Apart from one's life--and more journalists have been killed during the war in former Yugoslavia than in any conflict since World War II--perhaps the hardest thing to preserve while covering and writing about what Misha Glenny rightly calls "the Third Balkan War" is one's lucidity. After almost two years of war, the experience of being among the combatants--Serb, Croat and Bosnia Muslim alike (in this respect if in no other there is little to differentiate among the various factions)--is so intense, and the scenes of suffering and devastation so horrible, that the temptation to become a polemicist pure and simple becomes harder and harder to resist. But as books about the war by foreign observers begin to appear, what is surprising is how much objectivity most have managed to retain.

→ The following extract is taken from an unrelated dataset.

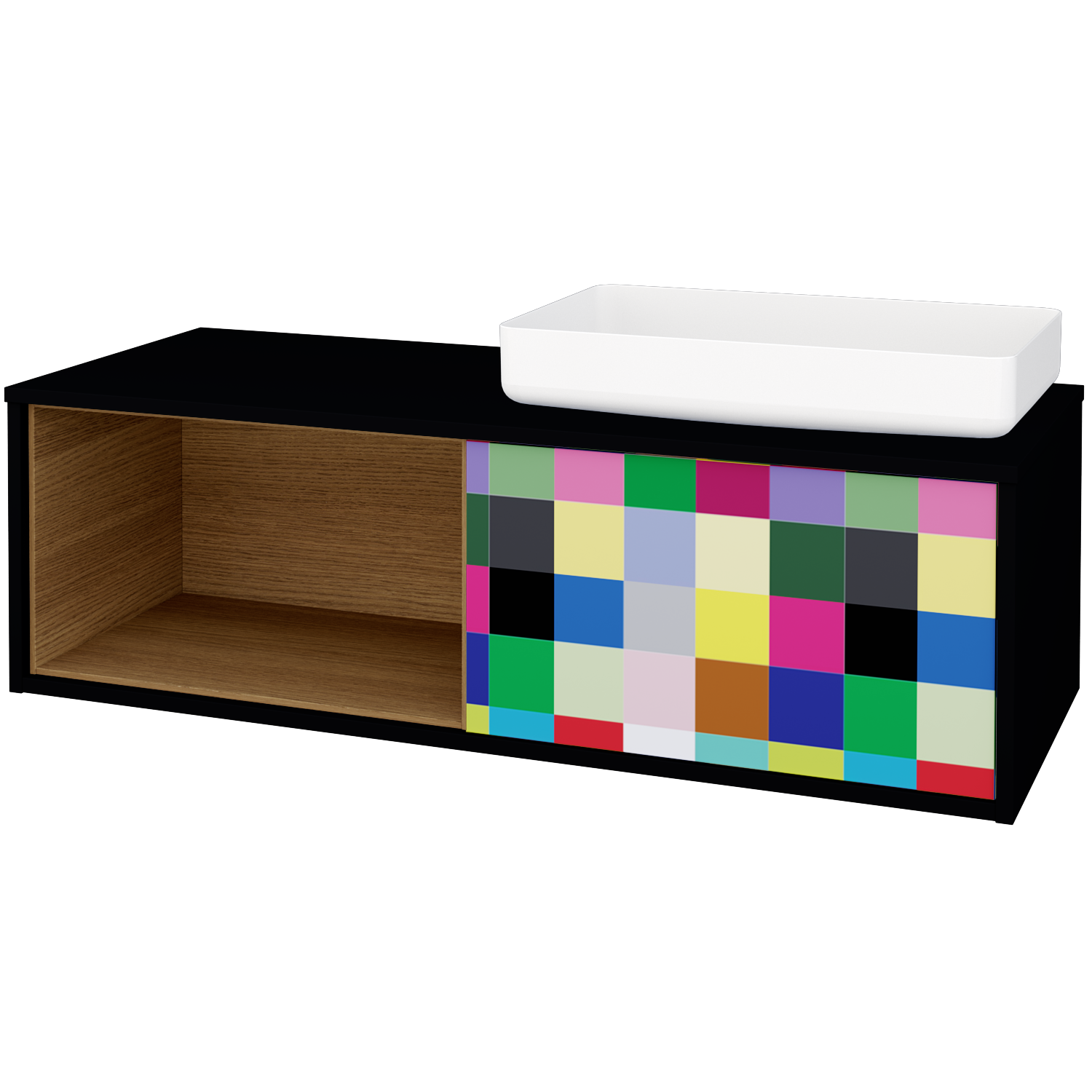 Umyvadlová skříňka (1200x370x500) s 1 zásuvkou, nikou vlevo s LED osvětlením uvnitř a pod umyvadlo Kaldewei Miena (není v ceně) Zobrazit více

Two of the best works to appear so far are "The Fall of Yugoslavia" by Glenny, formerly one of the BBC's principal correspondents in Eastern Europe, and "A Paper House" by Mark Thompson, a British writer who works for the Slovenian magazine "Mladina." One of the worst is "Serbs and Croats" by the American academic and former diplomat Alex Dragnich.

The Glenny and Thompson books are exemplary in their intelligence, depth and dispassion. Far from being exercises in taking sides, both writers bend over backward to insist that although the Serbs are more at fault than anyone for the Yugoslav tragedy and, since the war began, have committed the bulk of the atrocities, no side is blameless. Such evenhandedness has earned Glenny almost as much hostility from the Croatian authorities as from the powers that be in Belgrade and Serb-occupied Bosnia.

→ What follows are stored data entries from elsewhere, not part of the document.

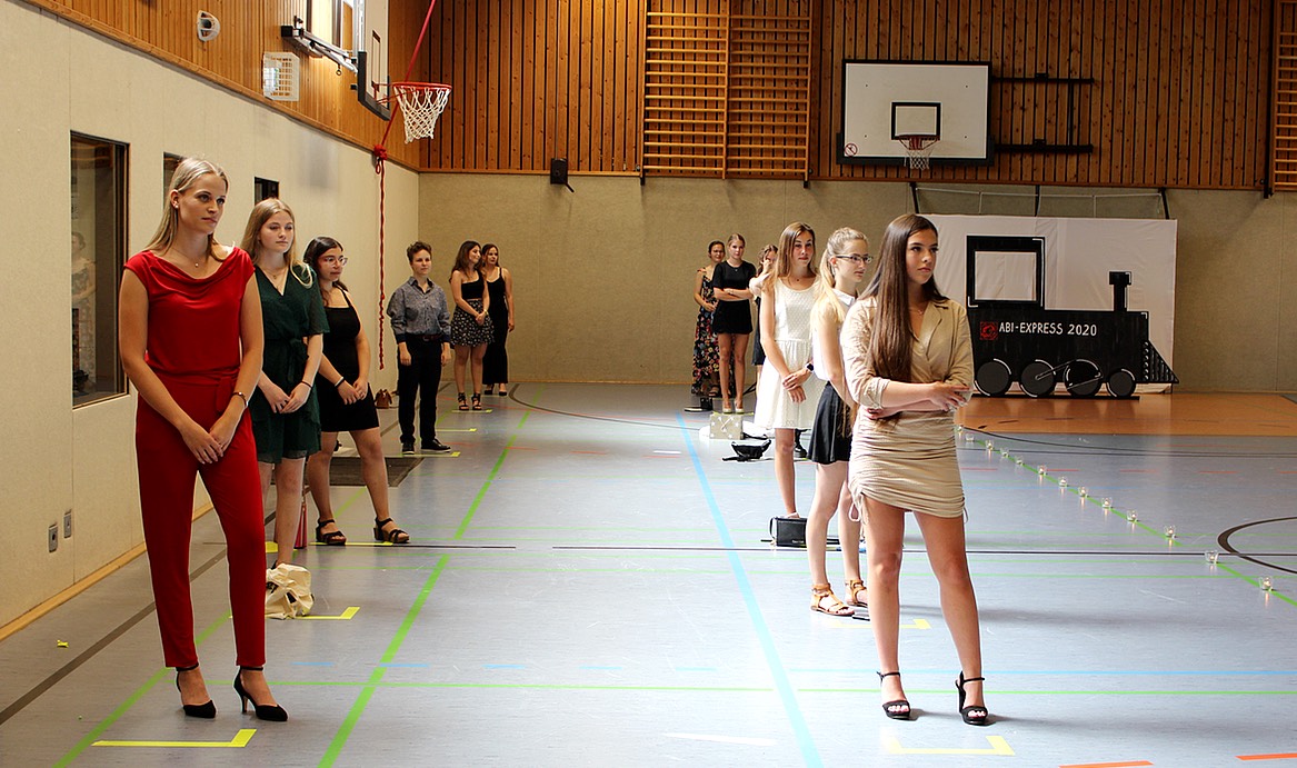 Also galt es, mit dem Zollstock die Sporthalle zu vermessen, um feststellen zu können, wie viele Personen die Halle angesichts der geltenden Hygiene- und Abstandsregelungen überhaupt aufzunehmen vermag. Das Ergebnis nach mehrmaligen Abmessen durch Herrn Schmitter und die beiden Hausmeister war ernüchternd, denn Platz war nur für 36 Schülerinnen und Schüler sowie knapp 10 Lehrkräfte.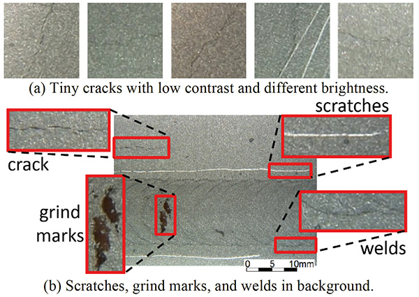 Other automatic crack detection algorithms under development often do not detect cracks in metallic surfaces because the cracks are usually small, have low contrast and are difficult to distinguish from welds, scratches and grind marks.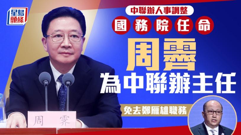 香港中联办出现重大人事调整。官方宣布,中央港澳办常务副主任周霁担任香港中联办主任,郑雁雄不再担任香港中联办主任。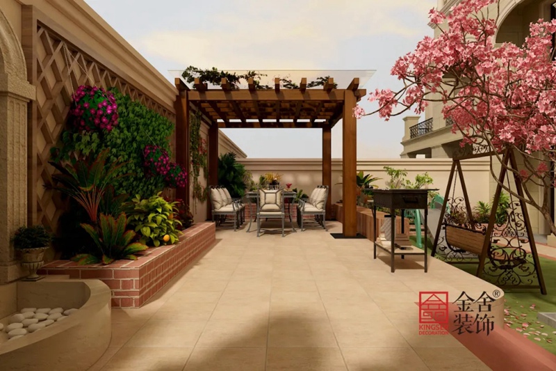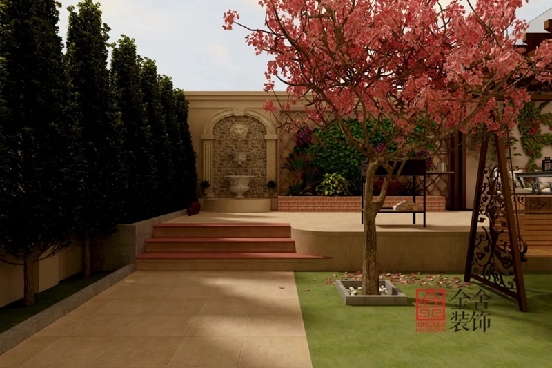 院子的設計采用的基本都運用了歐式元素,墻面雕塑、木質的涼亭架子,法式風格的秋千,每一處小景節點都好像是置身在浪漫的國度,感受隨風飄來的羅曼蒂克。又仿佛看到了《羅馬假日》中“真理之口的浪漫片段”,讓人回味無法忘卻的難忘回憶。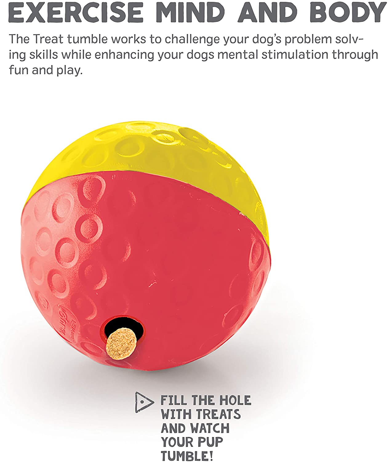 TREAT DISPENSING FUN: The Nina Ottosson Large Treat Tumble is perfect for treating and training your dog. Just fill this treat feeding ball with your dog’s favorite treats and/or kibble and give the ball to your dog to watch them play with the puzzle and figure out how to release the treats.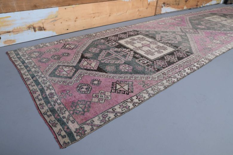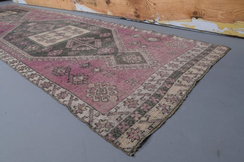 This one-of-a-kind vintage rug is hand-knotted and handwoven in Anatolia, Turkey from a unique wool blend.

In contrast, Dragnich's book seems so resolute in its portrayal of the Serbs as the most injured party that it is hard to imagine anyone in power in Belgrade finding fault with it except on the most trivial point of detail. Dragnich has taken such an extreme stance that it is hard to see how his arguments will contribute much to anyone's understanding of the crisis: He claims that Serbs held the key positions in Yugoslavia's prewar governments because "to a large degree this was forced on them," for instance, and that the Albanians of Kossovo have suffered at least in part because "they are victims of the highest birthrate in Europe, which to no small extent explains their poverty" (as if the apartheid state the Serbs have imposed in Kossovo did not exist).

To a large extent, the Glenny and Thompson books complement each other. "The Fall of Yugoslavia" was written quickly, and, if it has a fault, suffers from Glenny's attempt both to understand the causes of the war and to portray the reporter's experience of covering it. The difficulties inherent in trying to combine these two projects are obvious, and it is to Glenny's credit that the joins between his two narratives are for the most part camouflaged very successfully. In any case, it would have been folly for him to have chosen between his historiographical and reportorial hats.

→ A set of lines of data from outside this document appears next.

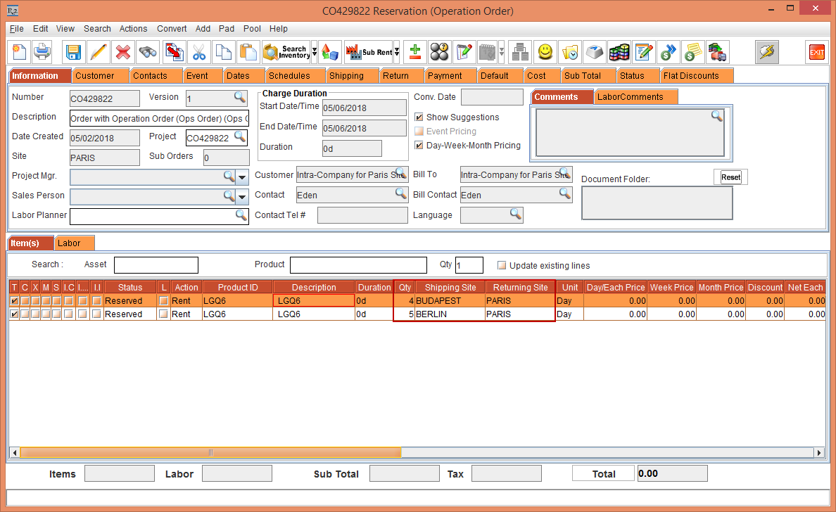 The EDR print will have details of the Shipping Site and Returning Site present in the Order.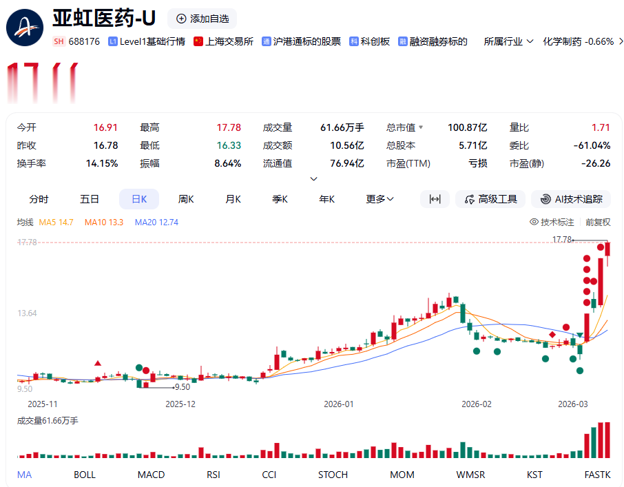 资本市场迅速用真金白银投下信任票。3月4日,亚虹医药录得20%涨停;短暂调整后,3月6日再度封死涨停,走出3天2板的强劲走势。截至3月9日收盘,公司股价报17.66元/股,涨幅5.24%,市值重返百亿上方。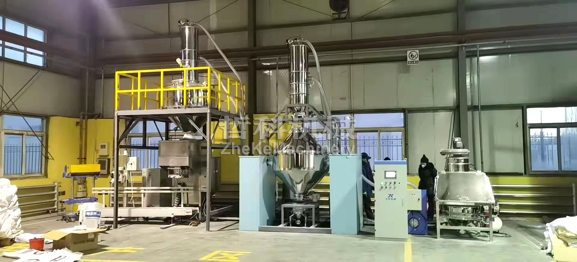 整個生產線,投料時需人工進行投料,其余過程全部實現(xiàn)自動化,混合機進料、出料采用自動對接形式,且保持密封,實現(xiàn)無塵化,杜絕粉塵飛揚,提供良好生產環(huán)境。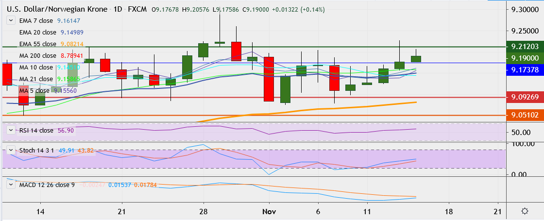 - On the downside, support is around 9.1579 (21-DMA), break below could take it till 9.1394 (5-DMA).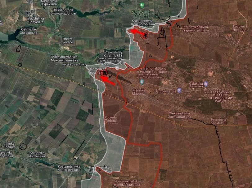 На юге не прекращаются бои в центральной части Красногоровки. С востока российские войска проламывают оборону противника вдоль улицы Нахимова и берега реки Лозовая, формируя «полукотёл» для подразделений ВСУ, обороняющихся в частном секторе и на территории парка им. Шевченко.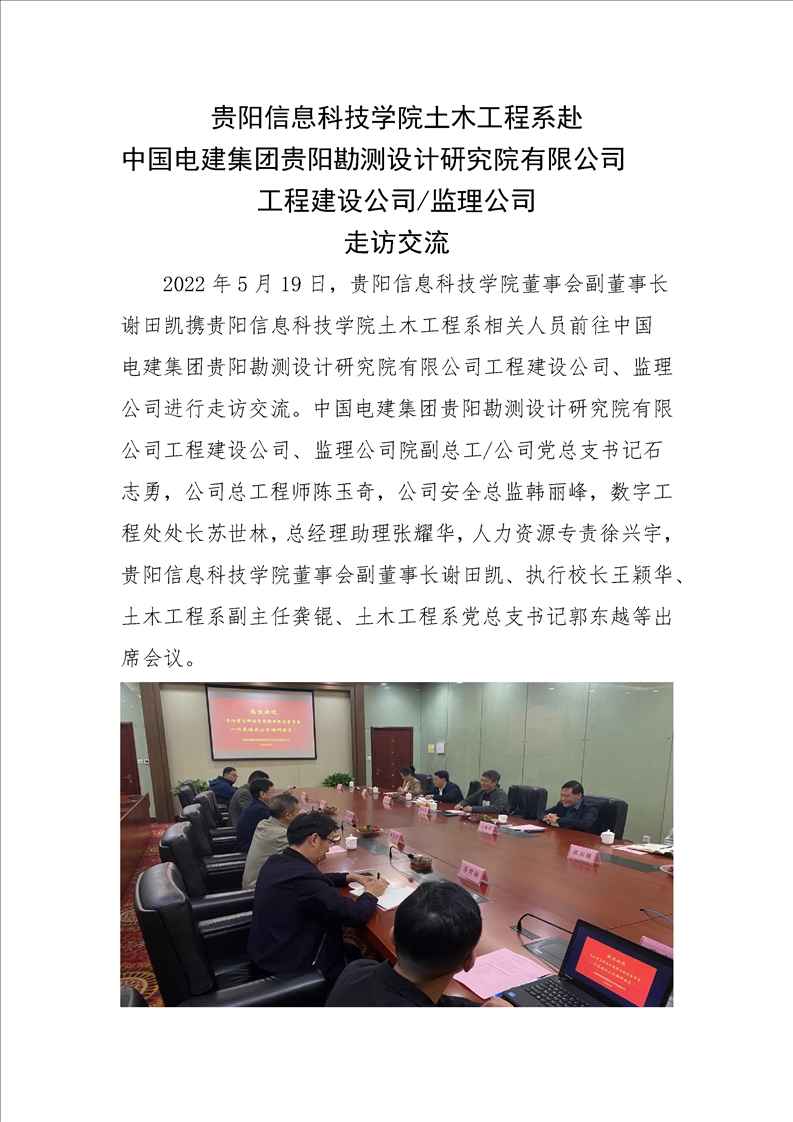 beat365在线唯一官网土木工程系赴中国电建集团贵阳勘测设计研究院有限公司工程建设公司/监理公司走访交流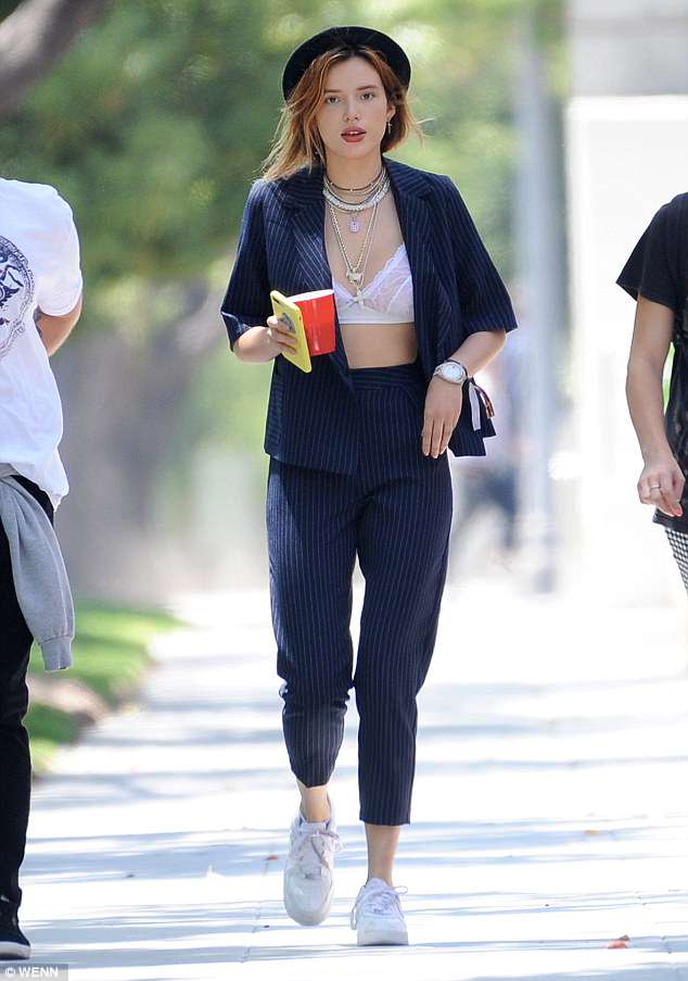 Edgy: Bella Thorne put on a defiant, and flesh-flashing display as she was seen for the first time since the Famous In Love ‘cancellation’ controversy, en-route to a Beverly Hills business meeting on Wednesday

Few journalists were as well-placed as he during the early days of the Yugoslav break-up, the 1991 battles between Serbs and Croats and, the following year, the martyrdom of Bosnia. Writers like myself who came later to the conflict--and came without Glenny's erudition in Balkan affairs, or his remarkable bravery--can attest both to the accuracy of what he had written and pay homage to the skill with which he has succeeded in moving from the anecdotal to the analytic, from an account of some encounter with a drunken, homicidal irregular at the front line to shrewd renderings of political jockeying in one of the belligerent capitals.

Glenny has the rare gift of being able not only to make his readers see but also to make them understand. Most reporters returning from former Yugoslavia have had the desperately frustrating experience of being told, even by their best-informed, most politically aware friends, that the war in the Balkans is simply too complicated to make sense of. Now, instead of drawing maps of former Yugoslavia on tablecloths or trying to give an overview of Serbian history at the dinner table, those of us just back from the Balkans can keep our pens in our pockets, and, rather than disrupting social occasions with our baroque, horrific tales, can simply press a copy of "The Fall of Yugoslavia" upon those of our acquaintances who really are curious about what is going on.